INFORMATION SUPPLIED:
<<<<
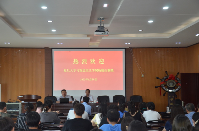 6月30日下午,复旦大学7790必发集团博导杨德山教授应邀来院作题为《中国式现代化的百年探索和实践经验》报告。周卫东院长主持,我院领导班子、全体教师和部分学生听取了报告。
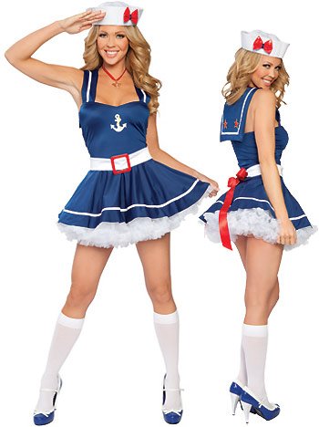 Have you been looking for a fabulous new costume? Perhaps this Sailor Costume will float your boat! The Sweetheart Sailor Costume includes: Dress with attached Collar Belt Hat with Bow
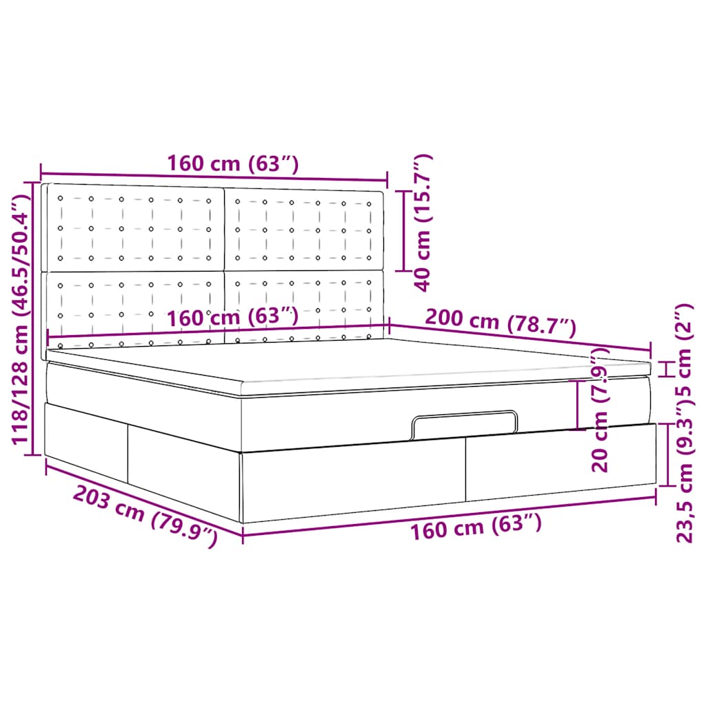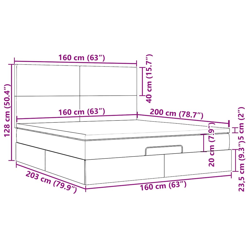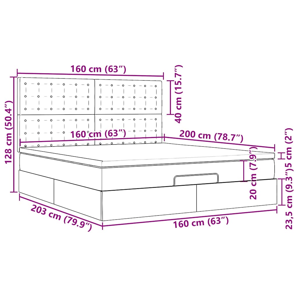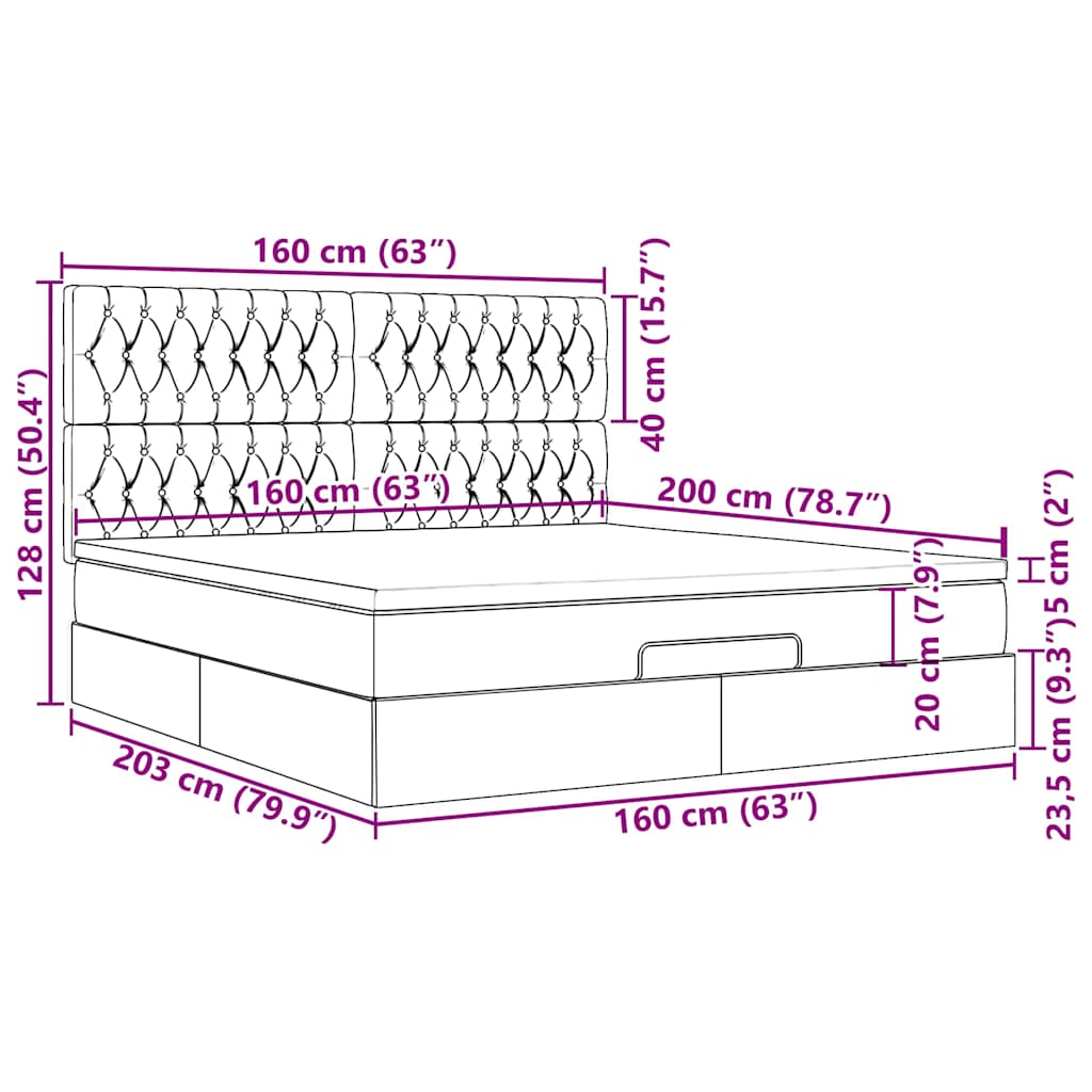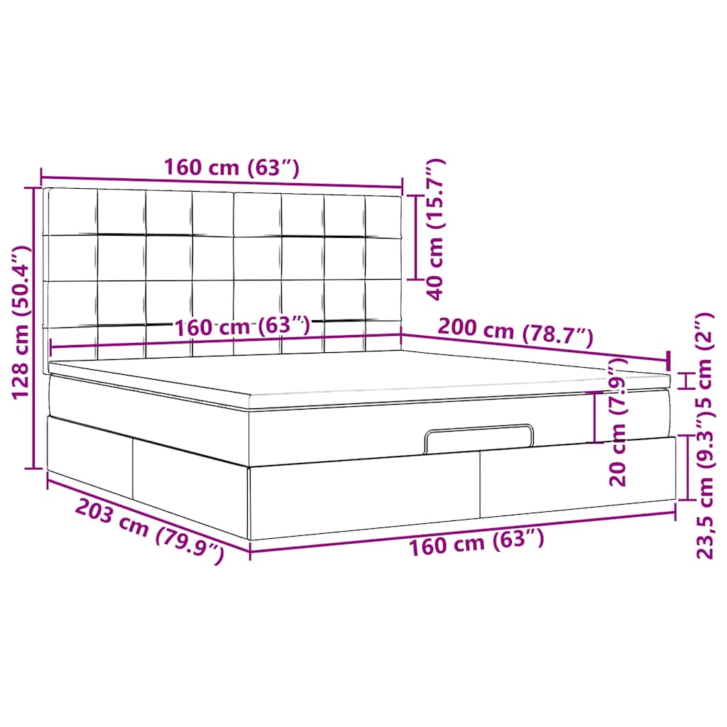 VidaXL Cadre de lit ottoman et matelas gris clair 160x200cm tissu cadre de lit vidaXL
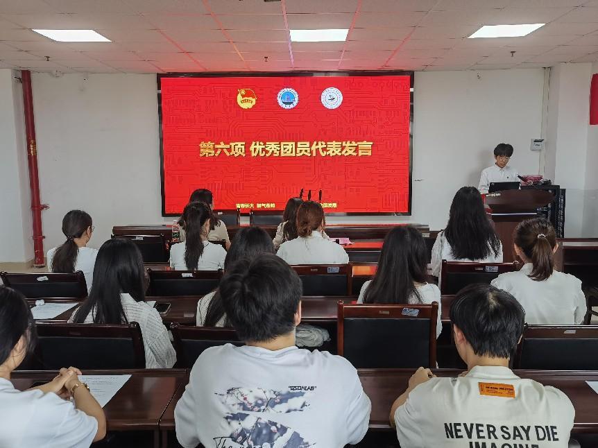 王奕凯同学作为新团员代表发言。他表示,加入共青团这一光荣的组织,是人生道路上一次更新更高的起航,新团员们要起好模范带头作用,用实际行动实践自己的入团誓言。白合同学作为优秀团员代表向新入团的14名同学表示祝贺。同时,他告诫新团员们要牢记入团誓词,志存高远,刻苦学习,展现新时代中国青年的担当!
>>>>
ASSIGNED TASK: The data above must be reproduced exactly, without any of its pictures.

WRITTEN RESPONSE:
 6月30日下午,复旦大学7790必发集团博导杨德山教授应邀来院作题为《中国式现代化的百年探索和实践经验》报告。周卫东院长主持,我院领导班子、全体教师和部分学生听取了报告。
 Have you been looking for a fabulous new costume? Perhaps this Sailor Costume will float your boat! The Sweetheart Sailor Costume includes: Dress with attached Collar Belt Hat with Bow
 VidaXL Cadre de lit ottoman et matelas gris clair 160x200cm tissu cadre de lit vidaXL
 王奕凯同学作为新团员代表发言。他表示,加入共青团这一光荣的组织,是人生道路上一次更新更高的起航,新团员们要起好模范带头作用,用实际行动实践自己的入团誓言。白合同学作为优秀团员代表向新入团的14名同学表示祝贺。同时,他告诫新团员们要牢记入团誓词,志存高远,刻苦学习,展现新时代中国青年的担当!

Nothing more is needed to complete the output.